Briefing the media on Wednesday, Science and Technology Minister Naledi Pandor in her capacity as an ANC National Executive Committee (NEC) member, said that: “Since the dawn of democracy science and technology has been put in the centre of development in our country; and schools, colleges and universities have become accessible to all South Africans as a result of two decades of implementation of progressive policies and programmes as advocated by President Nelson Mandela.”
Pandor said that the ANC has made strides in education with more women than men at tertiary level.
“We have noted the positive impact of implementation of ANC policies that has resulted in increased and expanded participation in higher education.

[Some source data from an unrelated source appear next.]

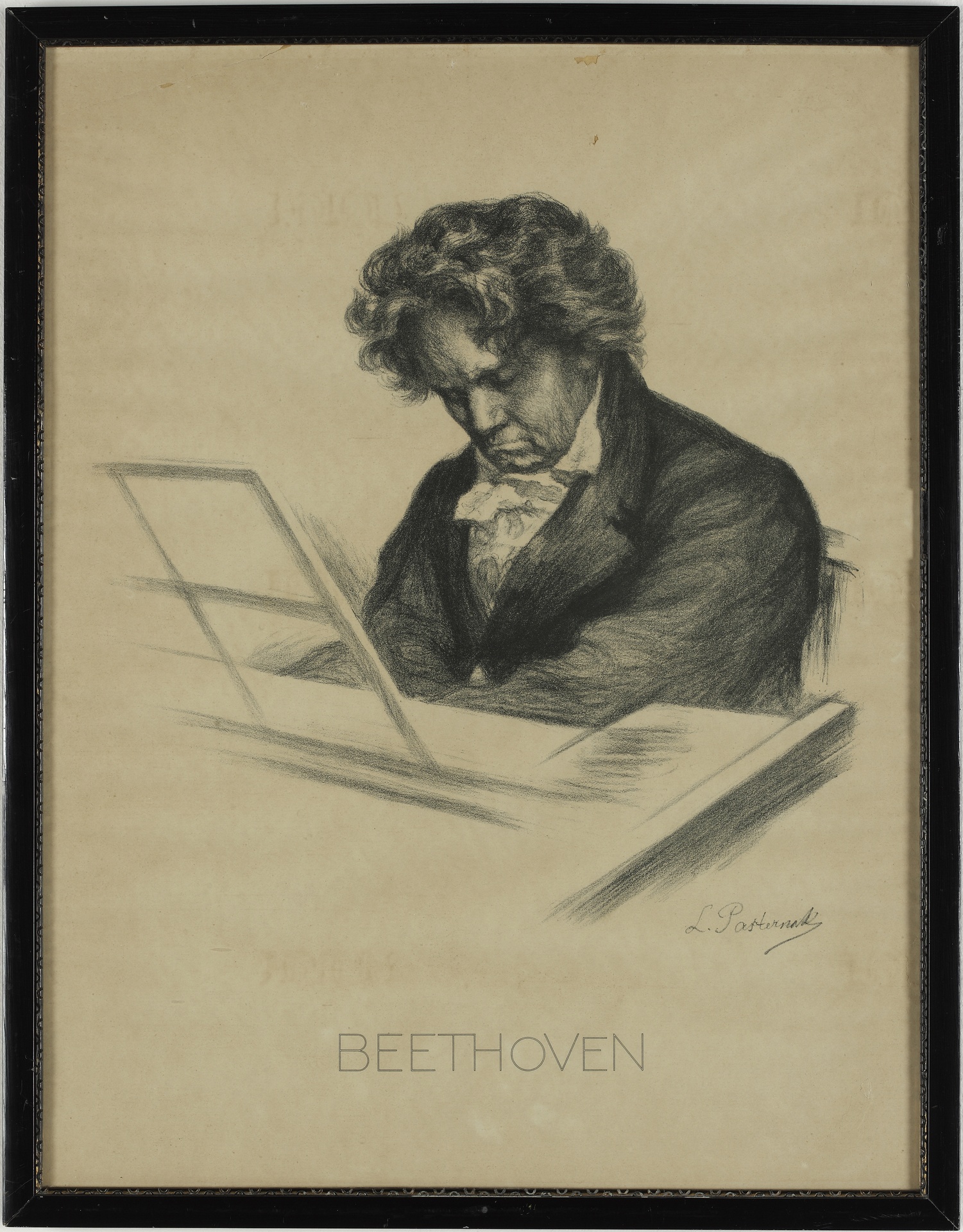Beethoven am Klavier - Lithographie oder Reproduktion einer Lithographie von Leonid Osipovič Pasternak nach einer eigenen Zeichnung, 1. Hälfte des 20. Jahrhunderts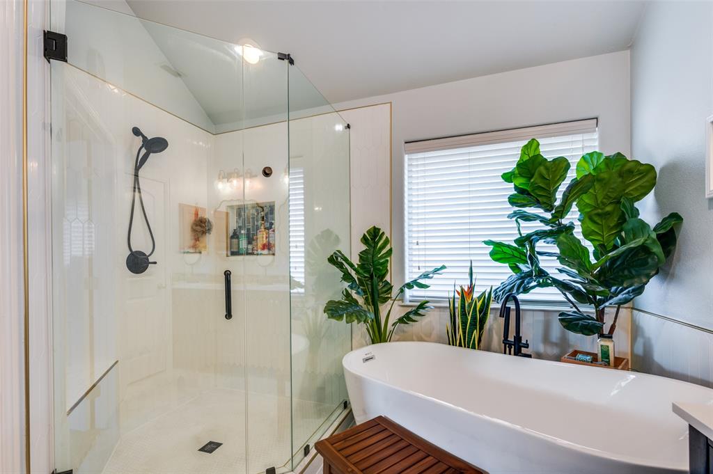 The fully renovated primary bathroom is a true retreat, boasting a soaking tub, custom glass shower with bench, and dual sink vanity. Enjoy peace of mind with major updates completed in the past 5 years, including a new roof, gutters, wood-look tile flooring, stain-resistant carpet in bedrooms, a smart-controlled sprinkler system with drip irrigation, and a freshly painted exterior which adds to this home's exceptional curb appeal.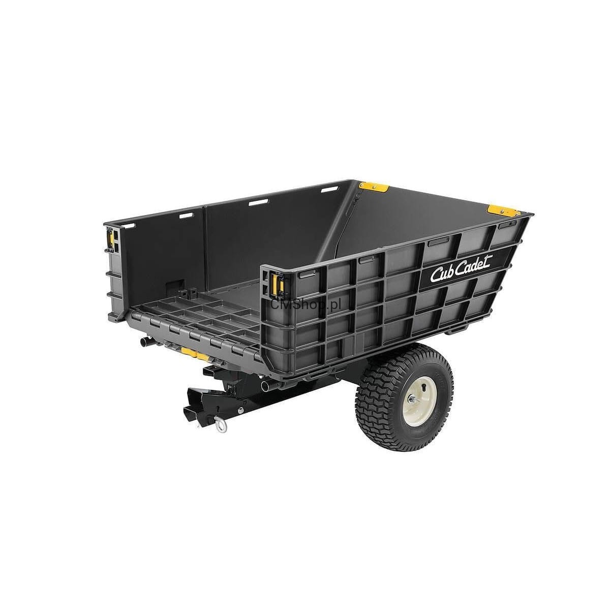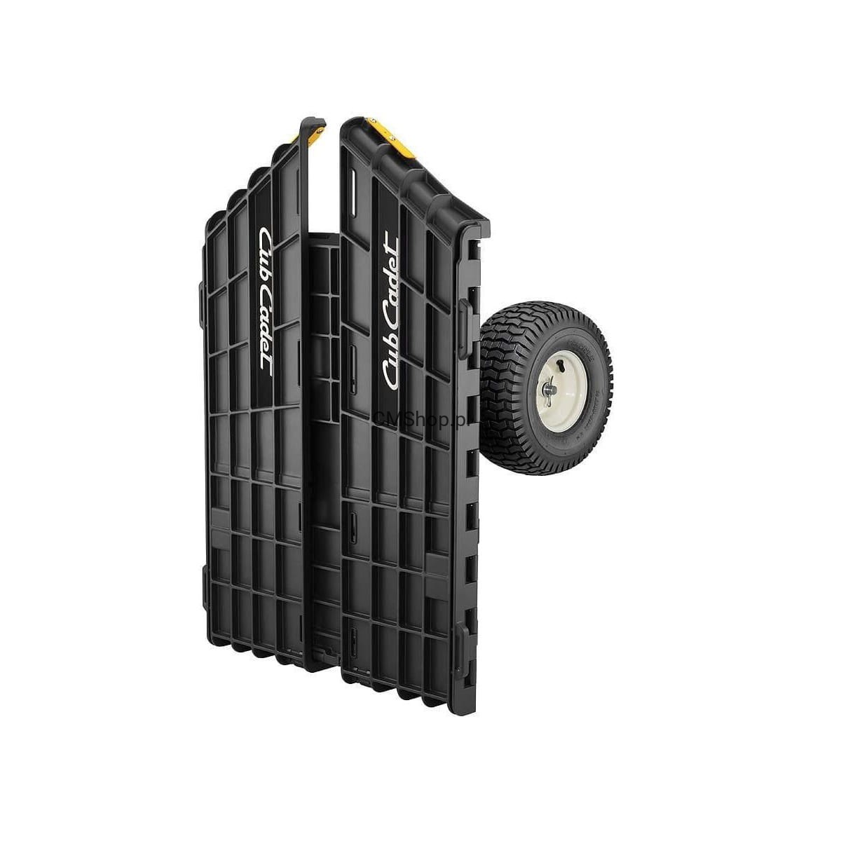 Przyczepka marki Cub Cadet zachwyca wielofunkcyjnością. Przeznaczona do stosowania z traktorkami ogrodowymi wszystkich producentów. Jej największym atutem jest możliwość złożenia beznarzędziowo burt, dzięki czemu można ustawić ją w pionie oraz transportować różnego rodzaju ładunki wykraczające poza obrys. Opróżnianie przyczepki umożliwia dźwignia nożna. Posiada dwa koła o rozmiarze 15 " na 6" z oponami bezpiecznymi dla trawnika. Natomiast duża nośność ładunkowa pozwoli na przenoszenie ładunków do 360 kg z burtami ustawionymi w pozycji pionowej.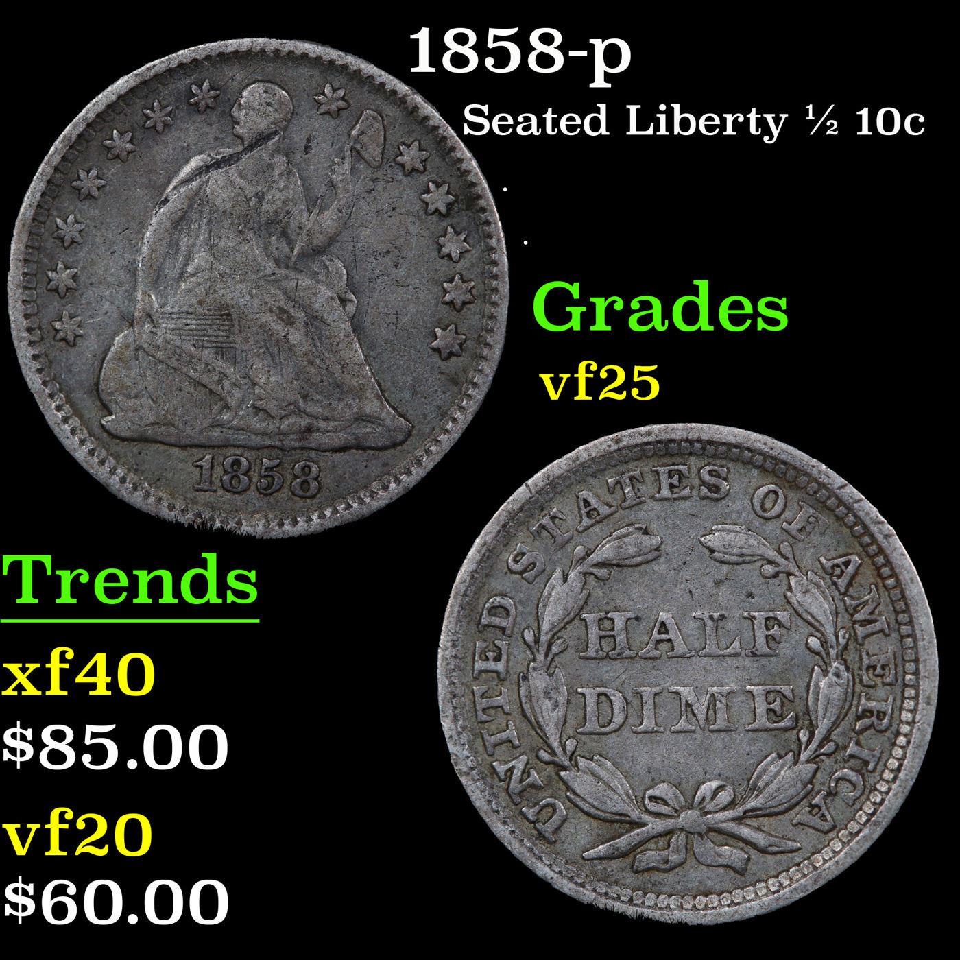1858-p Seated Liberty Half Dime 1/2 10c Grades vf+.

There has been a huge expansion in the number of women studying in higher education: women are in a majority,” said Pandor.
However, despite the increased participation, Pandor said the ANC is still aware of the challenges ahead, particularly the high costs of tertiary education.
“We are also saying the conference must direct the government to immediately finalise the model for free higher education for those who are unable to afford the costs of higher education,” said Pandor.
Pandor said whilst the focus is also on basic education, there are still issues of concern.
“The basic education sector is concerned with continued disruptions of schooling during times of unrests, high dropout and repetition rates, particularly in Grades 9 – 12; health-related challenges and their impact of schooling such as TB and HIV & Aids; and procurement challenges related to Learner-teacher support materials (LTSMs), infrastructure and school furniture,” said Pandor.
She said the ruling party was very confident that delegates would apply their minds to policy proposals that emerged out of the ANC National Policy Conference.
These include among other things;
- Increasing support for postgraduate funding for poor students which will increase South Africa’s research capacity in science and technology;
- Accelerating programmes to improve literacy and numeracy in basic education, particularly in formerly disadvantaged communities;
- Finalise the model for free higher education for those who are unable to afford their fees as mentioned above;
- And strengthening measures to improve the quality of care offered by health practitioners in the public and private sector.
Other issues that will be addressed include finding ways to strengthen the capacity and capability of the state as an important factor towards good delivery services.
In conclusion, Pandor said she was positive that all sectors have made good progress in implementing resolutions of the 53rd National Conference.
“We have noted areas of excellence and also areas of concern where sectors have room for improvement and where urgent action needs to be taken. All sectors are on track to achieve most of their goals,” concluded Pandor.